* **Material provided**:
····················

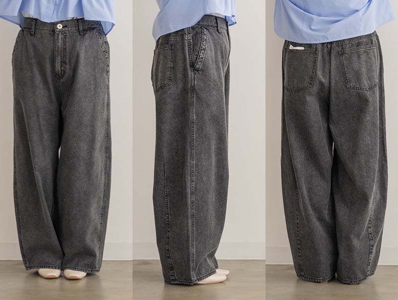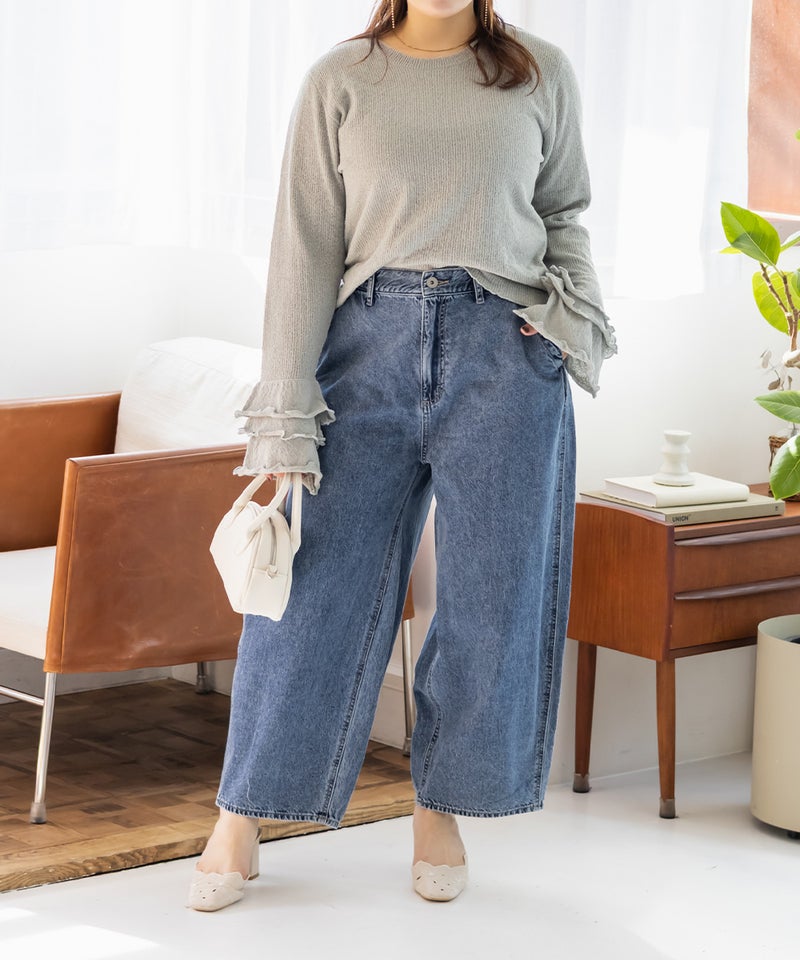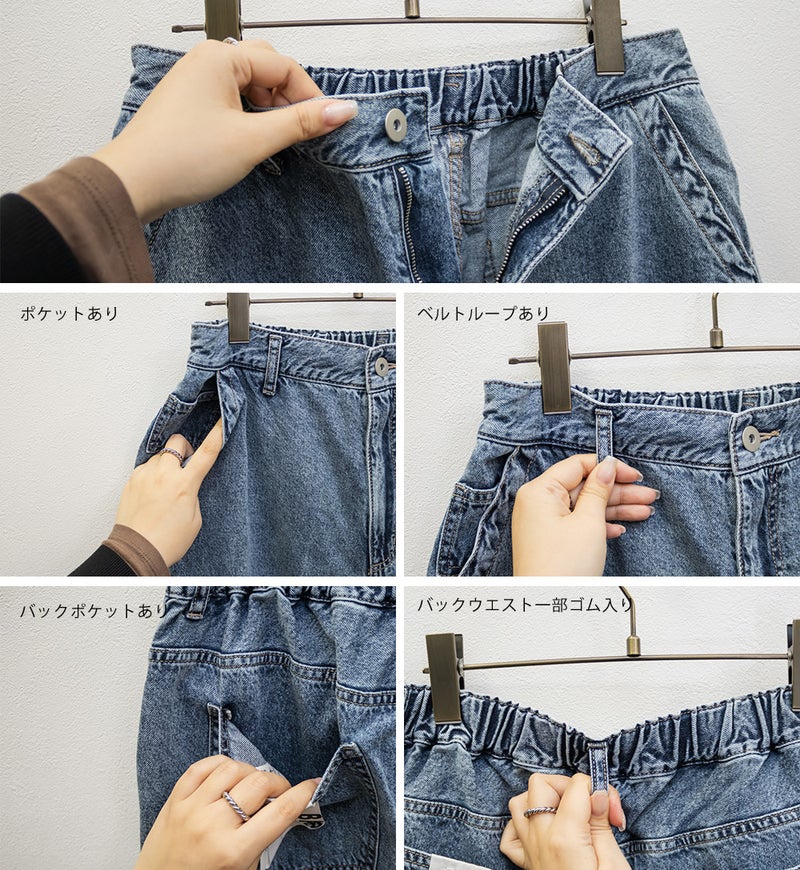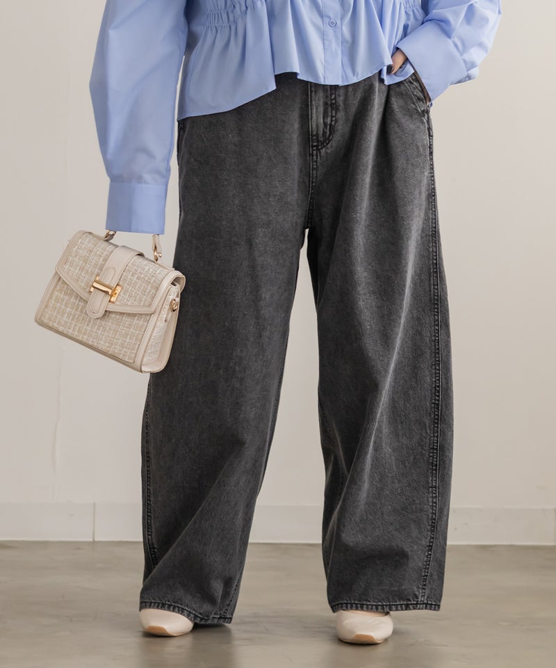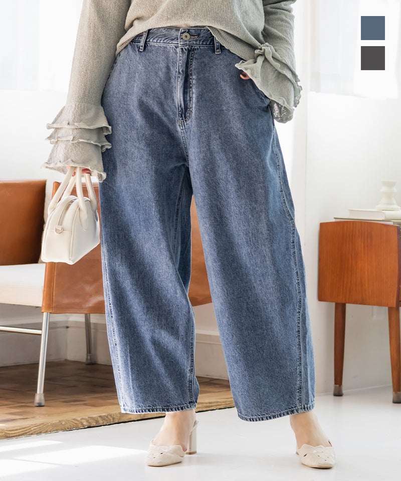 LLを着てちょうどいいサイズでした。ウエストは後ろゴムなのでらくちんに着脱できました!トレンド感たっぷりのバレルレッグのワイドめなデニムパンツで、着るだけでお洒落な印象です♪カジュアルな素材だけどキレイめにも合わせやすいシルエットでジャケットやシャツ・ブラウスと相性良くコーデできます◎
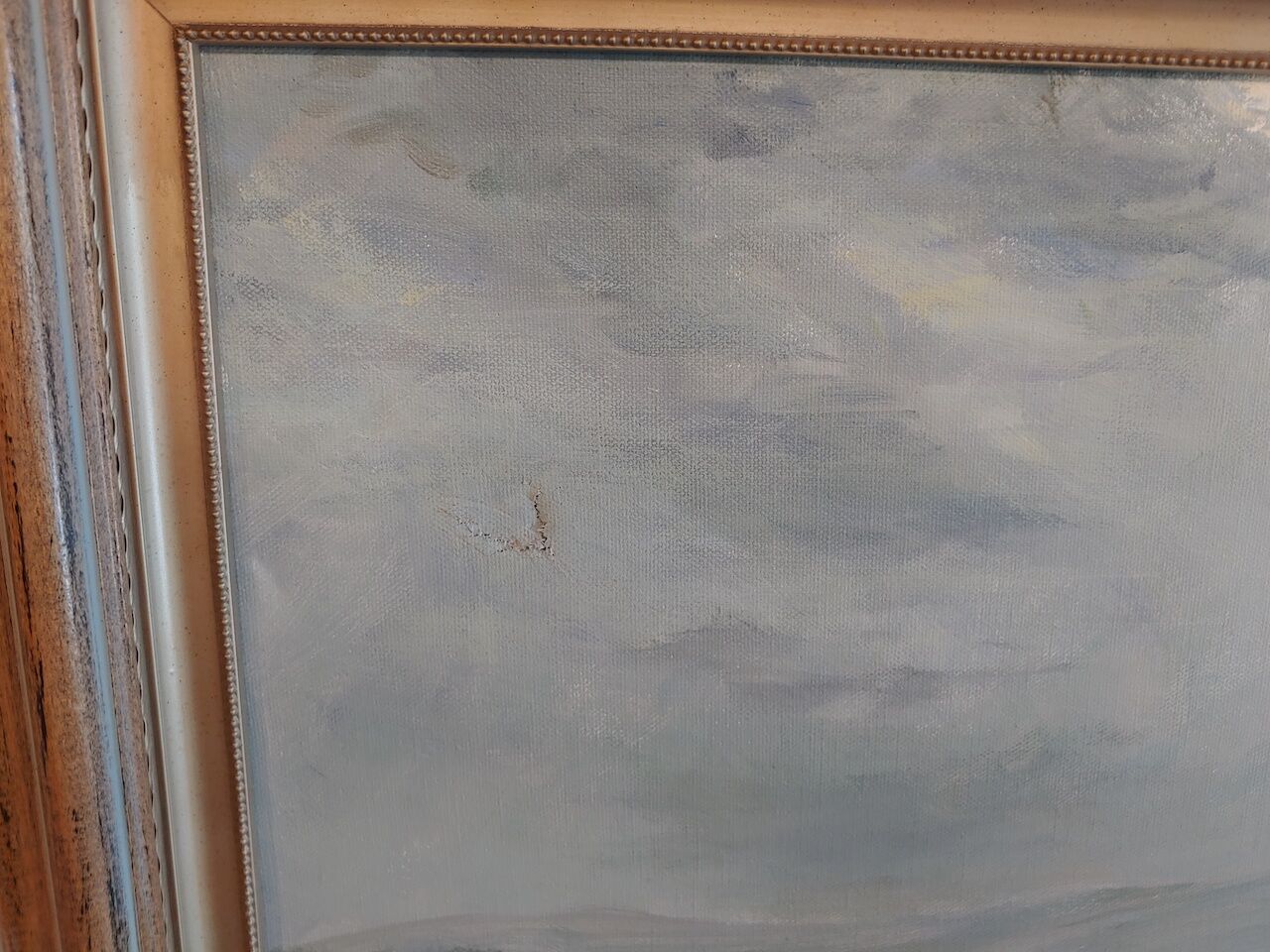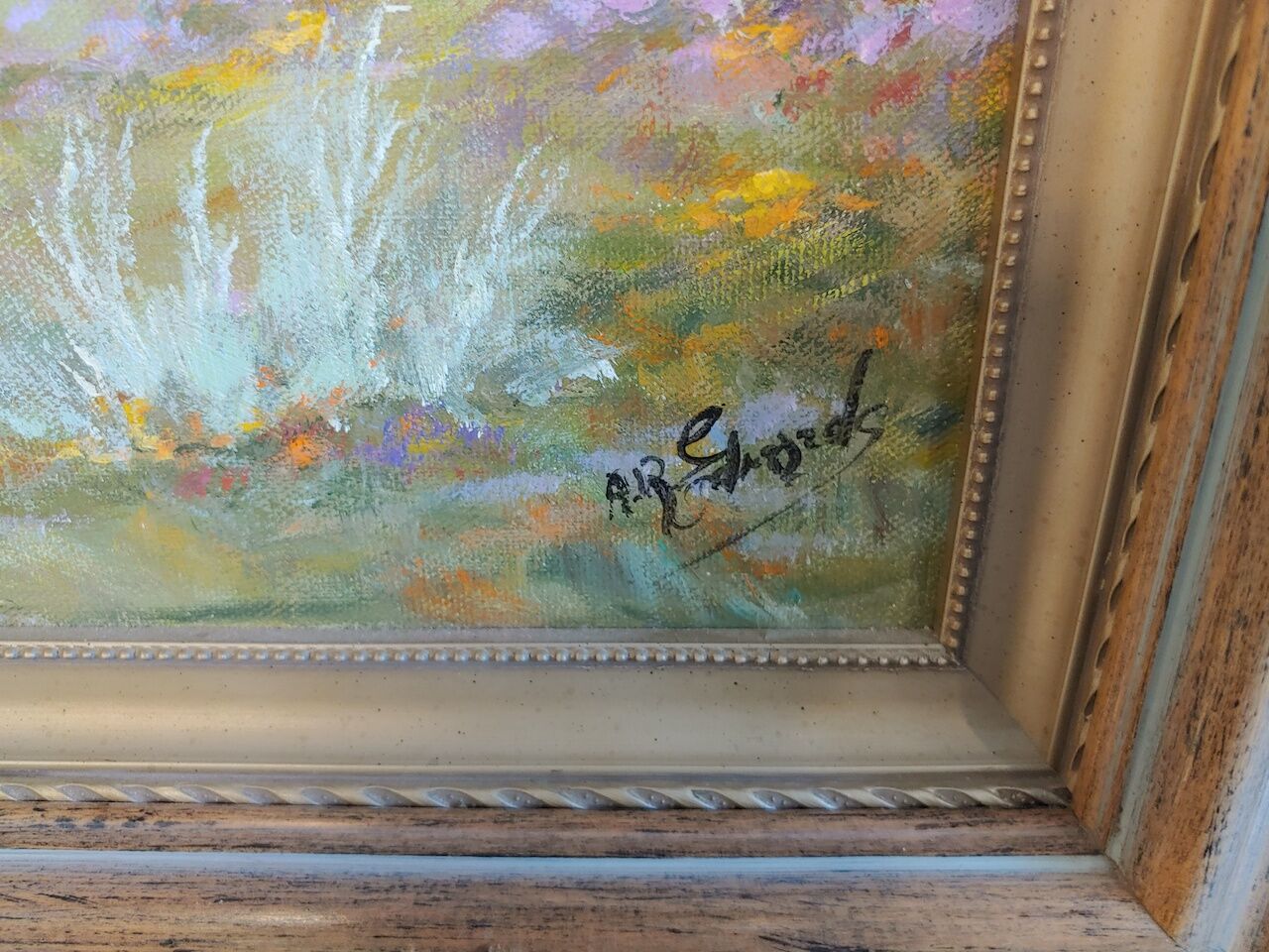 Oil by the infamous Painter / Author Alicja R. Edwards. Purchased directly from her home studio we have enjoyed this beautiful view for many years. It is now time to share the joy with someone else. It does have a small tear in the upper left corner but from a distance does not mar the magnificence of this piece.
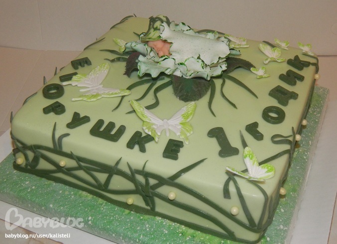 Торты детскиеНа годик сынули для нашей ББшечки , по оформлению заказчица дала мне волю, на мое усмотрение..кедики уже приелись...долго думала что б такое сделать..фантазии конеш у меня малова то...ну вот сбствена что вышло)))
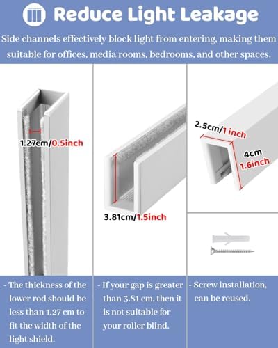 **Specifications:**- **Material:** Durable Aluminium Alloy- **Color Options:** Elegant White, Sophisticated Gray, Classic Black- **Length:** Customizable from 27.9cm to 248.9cm (11 to 98 inches)- **Width Compatibility:** Fits roller blinds less than 1.27cm (0.5 inches)- **Minimum Window Depth:** Requires more than 2.54cm (1 inch)- **Adjustable Distance:** 0.5 to 3.81cm (0.95 to 1.5 inches)- **Installation:** All necessary screws included for a hassle-free setup**Features:**- Blocks up to 97% of light, ensuring optimal darkness for a restful night’s sleep.- Sleek design that complements any home decor style.- Custom sizes available to ensure a perfect fit for your windows.- Enhances privacy while minimizing drafts for added comfort.- Effectively eliminates light leaks, contributing to improved sleep quality.- Simple installation process suited for all skill levels.**Package Contents:**- 2 x Light blocking strips- Complete accessory kit for easy installation**Please Note:**- Ensure windows are vertically aligned for the best installation results.- For an impeccable finish, consider using seam sealant or repair paste (not included).- Size variations may occur due to measurement methods.- Actual product color may differ slightly from images due to lighting and screen settings.

····················

* **Assigned task**:
Exact copy, pictures excluded: every line above from the one containing "Oil by the infamous" to the one containing "Торты детскиеНа годик", inclusive, and nothing more.

* **Exercise answer**:
 Oil by the infamous Painter / Author Alicja R. Edwards. Purchased directly from her home studio we have enjoyed this beautiful view for many years. It is now time to share the joy with someone else. It does have a small tear in the upper left corner but from a distance does not mar the magnificence of this piece.
 Торты детскиеНа годик сынули для нашей ББшечки , по оформлению заказчица дала мне волю, на мое усмотрение..кедики уже приелись...долго думала что б такое сделать..фантазии конеш у меня малова то...ну вот сбствена что вышло)))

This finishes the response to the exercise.